Loi anti-casseurs: la belle opération du Sénat

Le Sénat - NurPhoto
Comme une lettre à la poste. Mardi soir, les sénateurs ont définitivement adopté, en seconde lecture, la proposition de loi anti-casseurs, et ce en votant conforme le texte qui leur avait été renvoyé par l'Assemblée nationale. Sur 343 votants, 210 ont voté pour, 115 contre.
Les députés La République en marche les plus rétifs à l'égard de certaines dispositions du texte - notamment l'interdiction administrative de manifester - se trouvent ainsi court-circuités. La balle est désormais dans le camp du Conseil constitutionnel, saisi par Emmanuel Macron lui-même.

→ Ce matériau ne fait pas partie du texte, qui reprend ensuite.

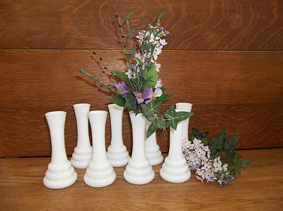 Title (ebay affiliate link): 8 Vintage Milk Glass ART DECO Mid-Century Wedding Bud vases! ~Darling~

Un texte LR récupéré par l'exécutif
Pour le Sénat, c'est une autre histoire. Initialement déposée en juin dernier par Bruno Retailleau, la proposition de loi intitulée "prévenir et sanctionner les violences lors des manifestations" a végété dans les couloirs du palais Bourbon avant d'être récupérée par l'exécutif au pic de la crise des gilets jaunes. Du pain béni pour des sénateurs Les Républicains au plus fort, l'affaire Benalla aidant, de leurs velléités d'indépendance vis-à-vis d'Emmanuel Macron.
Rappelons qu'au moment du vote du texte à l'Assemblée nationale, 49 députés LaREM ont choisi de s'abstenir. Une première en macronie, quand bien même le spectre d'une véritable fronde (avec des votes contre) demeure lointain.
Gêner ou ne pas gêner?
Comme le racontait L'Opinion dès le 26 février, plusieurs semaines après ce soubresaut, les différents chefs de file de la droite sénatoriale ont très vite acté l'idée du vote conforme. Idem pour le groupe Union centriste (UC), présidé par Hervé Marseille.
"La droite était bien plus divisée qu'il n'y paraît", affirme pourtant un sénateur LaREM bien informé.
"Certains voulaient davantage compliquer la vie du gouvernement en durcissant le texte et, ainsi, provoquer de nouveaux débats au sein de la majorité à l'Assemblée nationale. D'autres ne voulaient pas créer de gêne et, pour des questions de planning et d'efficacité, militaient pour que le texte aboutisse", raconte-t-il, ajoutant que Bruno Retailleau a su, comme toujours, bien manœuvrer et tenir ses troupes.
Risque de défections centristes
Dans les rangs macronistes de la Chambre haute, le leitmotiv était davantage de permettre au gouvernement d'avancer vite en contournant les dissonances. "Beaucoup des élus issus de la gauche ne voulaient pas voter le texte", explique le sénateur LaREM Alain Richard à BFMTV.com.
"J'ai dit aux équipes de Christophe Castaner qu'il risquait d'y avoir pas mal de défections centristes. Le groupe radical est généralement très 'droits de l'homme', par exemple. Mais je me suis lourdement trompé, car Hervé Marseille a tenu son groupe en permettant aux critiques de s'exprimer. Résultat, 34 ont voté pour", se réjouit l'ancien ministre de la Défense.
Un détail qui vaut ce qu'il vaut: au sein du groupe UC, Jean-Marie Vanlerenberghe, très proche de François Bayrou, a voté contre le texte.
Quoi qu'il en soit, le groupe LR du Sénat a mené une belle opération, reconnaît-on dans les rangs de LaREM. Certains élus Républicains étaient même surpris que la majorité à l'Assemblée nationale durcisse le texte. "Ils nous ont doublés sur notre droite", s'était étonné Bruno Retailleau auprès de L'Opinion. Un sénateur macroniste résume: "C'est derrière nous maintenant. Et ce n'est pas plus mal."